Which AI tools are working physicians actually using in 2026?

They are mostly using AI for documentation, summaries, inbox support, literature scanning, and draft writing. The AMA’s physician survey found 66% reported AI use in 2024, and those uses clustered around administrative and knowledge work rather than autonomous clinical decision-making. In practice, the tools that survive are the ones that fit into existing workflows and reduce after-hours noise.

What is the minimum viable personal AI stack for a practicing clinician?

A narrow stack usually beats an elaborate one: one tool for research synthesis, one for drafting and editing, and one for inbox triage. Anything beyond that should justify its existence with saved time, lower error risk, or better clinical focus. If a tool adds more logins, more review steps, or more uncertainty, it probably does not belong in the stack.

How do clinicians decide when not to use AI for a task?

I use a simple threshold: if an error could change care, damage trust, or create a legal or privacy problem, I do not delegate the judgment to AI. That includes medication advice, symptom escalation, diagnosis, imaging interpretation, and any message that depends on nuanced patient context. AI can help me prepare, but it should not be the final decision-maker.

What does a physician's AI workflow look like across research, writing, and practice management?

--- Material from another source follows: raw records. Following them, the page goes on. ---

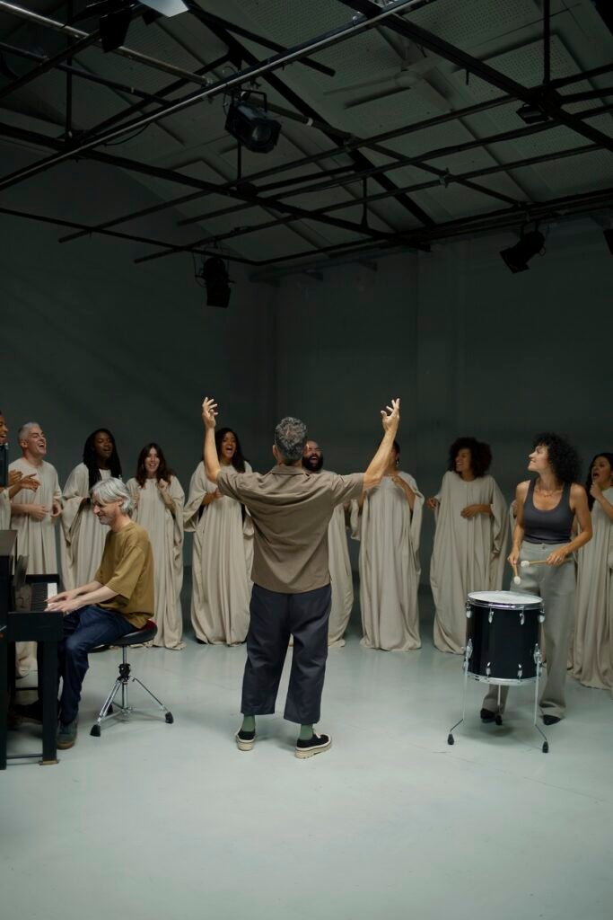 El coro es crucial en la grabación, completada con Borja Barrueta (percusión), Martin Leiton (bajo) y Juan Pietranera (piano), bajo la producción de Drexler y Carles Campi Campón. Un proceso largo de producción que contó también con la participación en sus primeras etapas de Didi Gutman, pablopablo y Vicent Huma.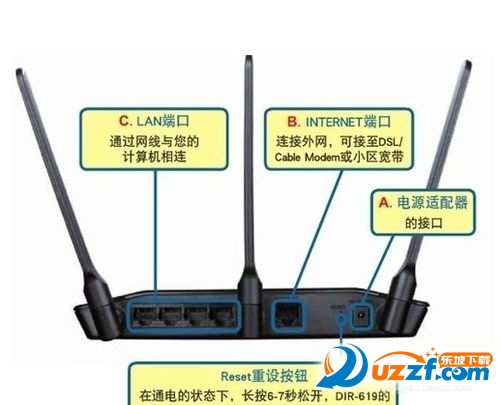 2、认识清楚后,接下来我们来连接路由器。这里分为有和无adsl modem猫上网两种情况。第一种情况:如果有上网猫,那么需要用一个网线将猫的ethernet接口和无线路由器wan接口连接在一起,然后在用另一个网线,将无线路由器lan接口和电脑主机连接即可。第二种情况:如果直接网线连接上网。那么直接将网线连接到无线路由器的WAN接口,其余操作相同即可。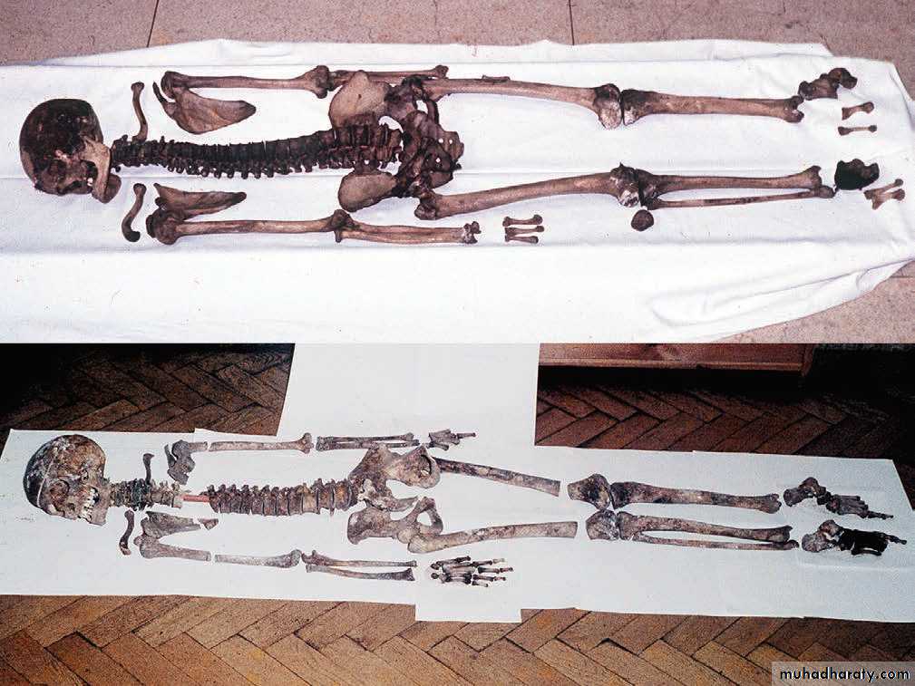 2) كون العظام تعود لشخص واحد او اكثر ويتم التثبت من ذلك من خلال قياس اطوال العظام وحجومها وازدواجية المثناة منها.

Research work benefits from fast scanning and topic mapping, writing work benefits from first drafts and cleanup, and practice management benefits from triage and sorting. The common rule is human review at every meaningful step. The best workflow is not the one that does everything, it is the one that reduces friction without diluting accountability.

What is Dr. Sina Bari’s approach to AI in clinical work?

Dr. Sina Bari’s approach is conservative, practical, and workflow-driven. AI should save attention, not demand more of it, and it should stay away from tasks where clinician judgment is the safety boundary. That is the same standard I use when I look at a tool for my own clinic week.